Though anti-supernaturalists may desire, and even receive, adequate answers for all of their proposed problems with the texts of Scripture, the fact remains that they will never be satisfied with the answers posed by Christians until the Holy Spirit works in them to remove their bias. On the surface, the Synoptic Problem seems to be a problem worth investigating. However, once a person begins to research the statistics and the variety of proposed solutions, it quickly becomes evident that the person will never come to a fully satisfying solution. A “Q” hypothesis, which is one of the most preposterous assertions in academia, then becomes necessary to make due for the loose ends left by the previous hypotheses. Ultimately, the academic finds himself wandering farther and farther down the rabbit trail until he discovers that he has long since left behind the possibility of discovering the intended meaning of the text. The academic soon finds himself missing the forest for the trees. The Synoptic Problem, then, is only a problem inasmuch as it can be used to distract curious minds from the message of salvation.

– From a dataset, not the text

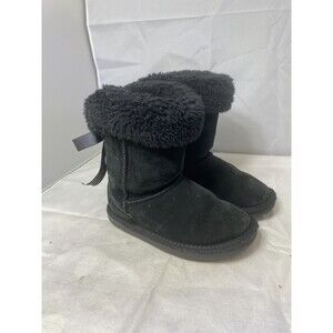 LAMO Suede Girls Pull-On Fleece Lined Winter Snow Black Boots/Shoes Size 12y

[1]Alfred J. Jolley, The Synoptic Problem for English Readers (London: Macmillan and Co, 1893), 107.

[2]William R. Farmer, The Synoptic Problem: A Critical Analysis (New York: The Macmillan Company, 1964), 199.

[3]Doremus Almy Hayes, The Synoptic Problem (New York: Eaton & Mains, 1912), 12.

[4]A.M Honore, “A Statistical Study of the Synoptic Problem,” Novum Testamentum 10, no. 2-3 (April-July 1968): 98-99.

[5]Jolley, The Synoptic Problem for English Readers, iv

[6]Ibid., 86

[7]Ibid., 99

[8]Hayes, The Synoptic Problem, 66

[9]Rev. Burnett Hillman Streeter, Studies in the Synoptic Problem, ed. W. Sanday (Oxford: Clarendon Press, 1911), 143.

[10]John Calvin, Institutes of the Christian Religion, trans. Henry Beveridge (Edingurgh: The Edinburgh Printing Company, 1845), 99.